Potential favorite new author alert! I had heard of Seanan McGuire before; I saw something related to one of her more recent novels (Middlegame) which got my attention and now physically sits on my TBR bookcase. That is a longer book though and right now I don’t really have the time or energy, so instead I put in a request at my local library for Sparrow Hill Road. I had seen the sequel in a bookstore and thought it looked really interesting but I figured I might as well start with book 1, and also library in case it turns out I didn’t like it. Turns out, I liked it a lot.
The world is incredibly interesting and the characters are really relatable in a lot of ways. This is a world where American car culture has influenced the afterlife. If you die in a vehicular-related way and become a ghost, there are different types you could become, there are ghost roads, ghost cars, and even parallel worlds that overlap between the living and the dead.

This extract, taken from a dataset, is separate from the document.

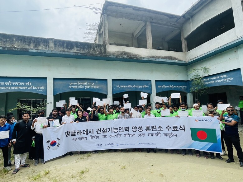 포스코건설은 2021년 7월부터 건설기능인력 양성 교육을 통해방글라데시 건설현장 인근지역의 실업문제 해소에 기여하고 더불어 양질의 건설현장 인력 확보라는 두가지 문제를 동시에 해결하게됐다.
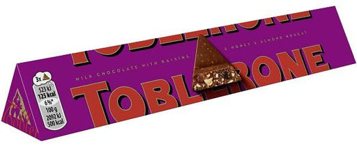スイスの象徴!三角形のチョコレートでおなじみ、トブラローネ フルーツ&ナッツチョコレート。ミルクチョコレートに、カリッとしたアーモンドとレーズン、ハチミツヌガーを練り込みました。

There are also living people with closer connections to the world of the dead, and there are beings who aren’t quite one or the other (living or dead).
The story is also a really good ghost story: Rose died in a car wreck caused by Bobby Cross at the age of 16 in 1952. The story moves around back and forth in time introducing Rose and her adventures as she tries to survive and maybe even help people who are close to or just passing into her world. Each episode gives you a little more about Rose, her world, and why Bobby ran her off the road in the first place (hint: evil villain stereotype reasons) and why he’s still after her even though she’s already dead.
There’s a lot of suspense in following Rose, not just because of wondering what’s going to happen with Bobby, but also in watching Rose try to help people, save people (including herself), and just navigating the rules of the American road afterlife; those rules and world are really interesting and kind of melancholy but still hopeful, with a good does of nostalgia for diners. The end of the story is the same way: the main problem is no longer an imminent threat but a lot of possibilities for further adventures. I will most certainly be picking up book 2, and getting to the newer book sooner rather than later.